[Records drawn from a dataset]

++++++++++

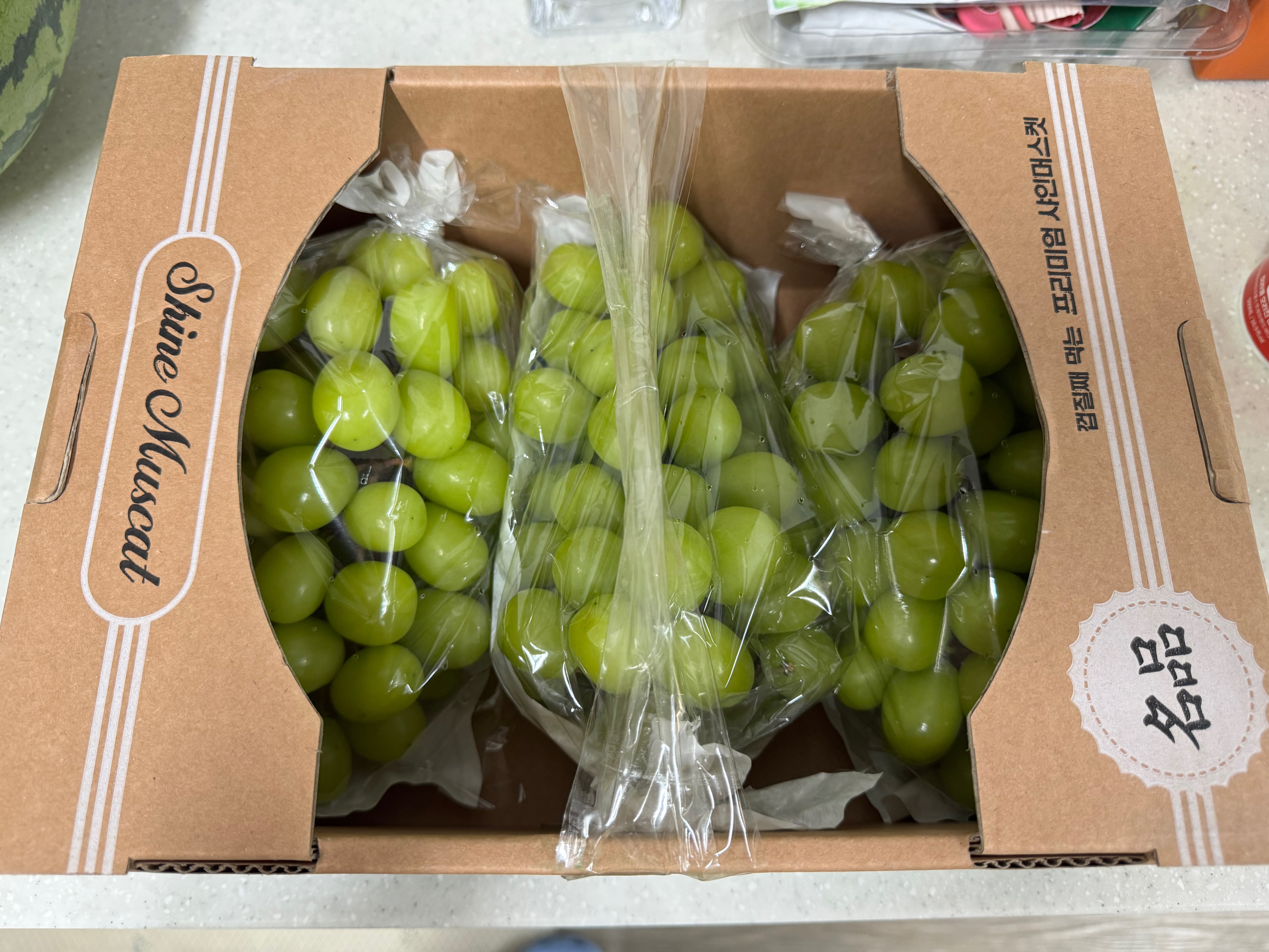 이용인들이 간식으로 샤인 머스켓과 수박을 먹으며 매우 행복해 할 것 같네요!
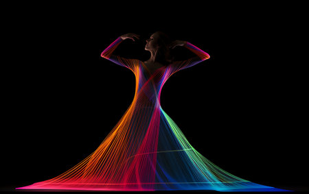 This artistic image features a woman's profile made of colorful, flowing strands symbolizing beauty and creativity against a dark backdrop.
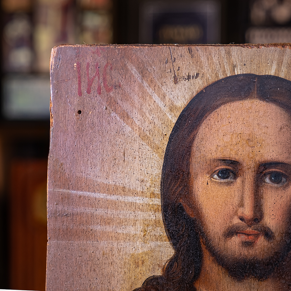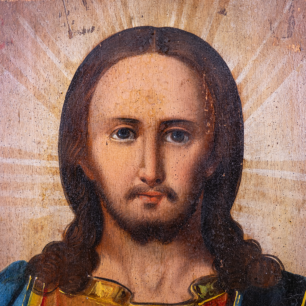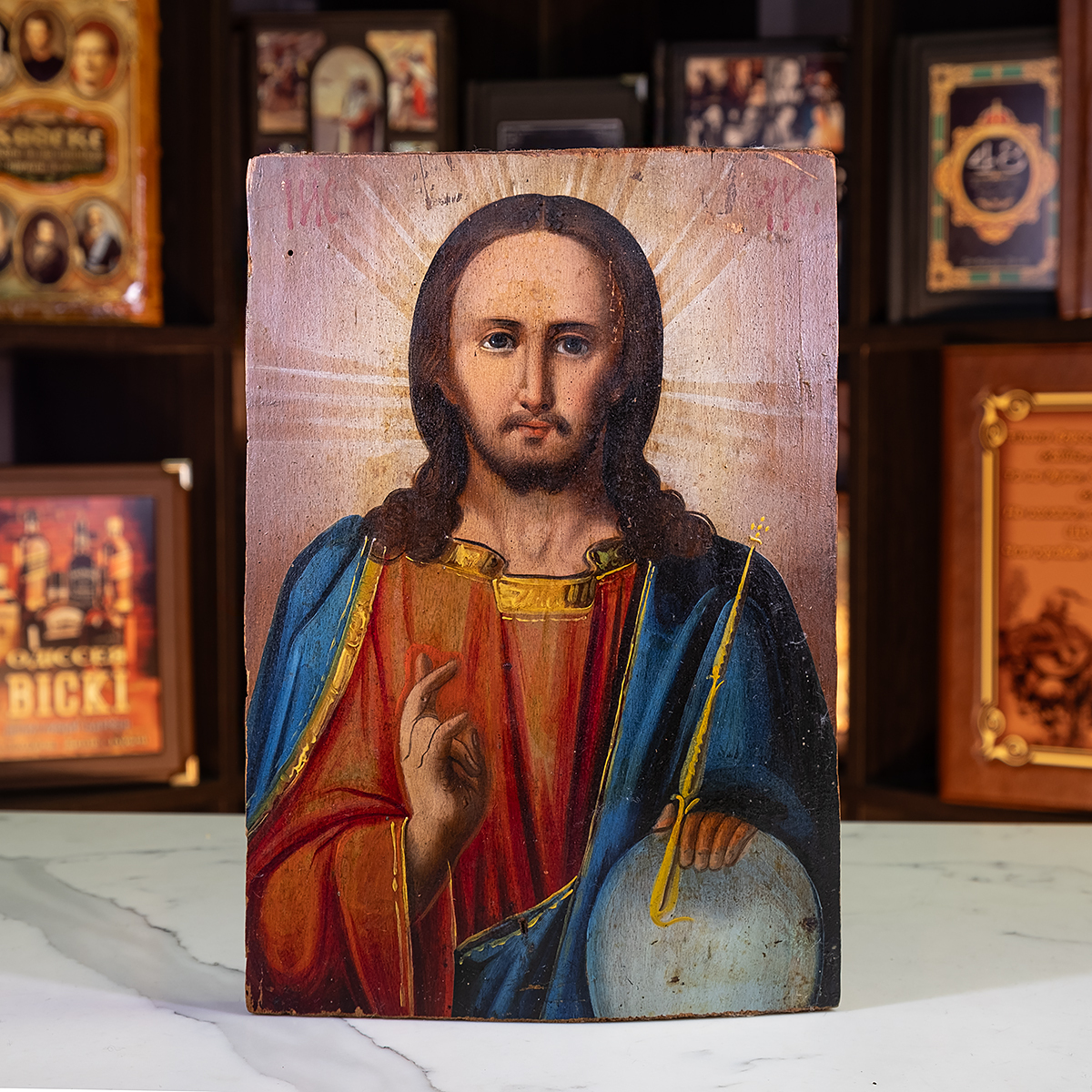 Старинная икона Иисуса Христа конца 19 века, центральная Украина (без реставрации)
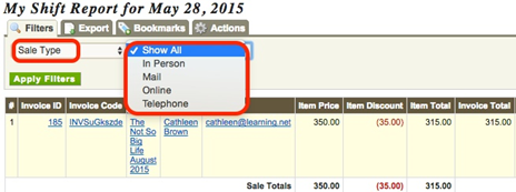 - Sale Type: If you select Sale Type, you can either select In Person, Mail, Online, or Telephone in the right drop-down menu.
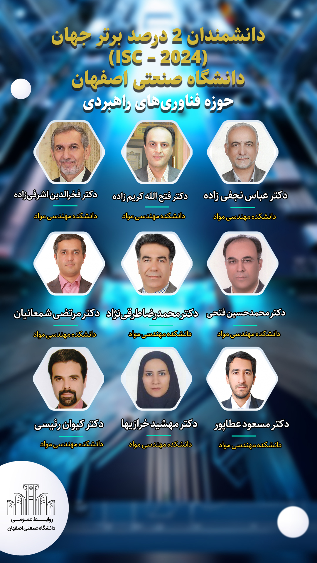 درحوزه فناوری های راهبردی (هوش مصنوعی، نانو و ...)، دکتر عباس نجفی زاده، دکتر فتح اله کریم زاده، دکتر فخرالدین اشرفی زاده، دکتر محمدحسین فتحی، دکتر محمدرضا طرقی نژاد، دکتر مرتضی شمعانیان، دکتر مسعود عطاپور، دکتر مهشید خرازی ها و دکتر کیوان رئیسی از اعضای هیأت علمی دانشکده مهندسی مواد دانشگاه صنعتی اصفهان، پژوهشگران 2 درصد برتر این حوزه را به خود اختصاص داده اند.

++++++++++

In the copy, leave out the pictures and restate the records exactly.

▶ **Final answer**
 이용인들이 간식으로 샤인 머스켓과 수박을 먹으며 매우 행복해 할 것 같네요!
 This artistic image features a woman's profile made of colorful, flowing strands symbolizing beauty and creativity against a dark backdrop.
 Старинная икона Иисуса Христа конца 19 века, центральная Украина (без реставрации)
 - Sale Type: If you select Sale Type, you can either select In Person, Mail, Online, or Telephone in the right drop-down menu.
 درحوزه فناوری های راهبردی (هوش مصنوعی، نانو و ...)، دکتر عباس نجفی زاده، دکتر فتح اله کریم زاده، دکتر فخرالدین اشرفی زاده، دکتر محمدحسین فتحی، دکتر محمدرضا طرقی نژاد، دکتر مرتضی شمعانیان، دکتر مسعود عطاپور، دکتر مهشید خرازی ها و دکتر کیوان رئیسی از اعضای هیأت علمی دانشکده مهندسی مواد دانشگاه صنعتی اصفهان، پژوهشگران 2 درصد برتر این حوزه را به خود اختصاص داده اند.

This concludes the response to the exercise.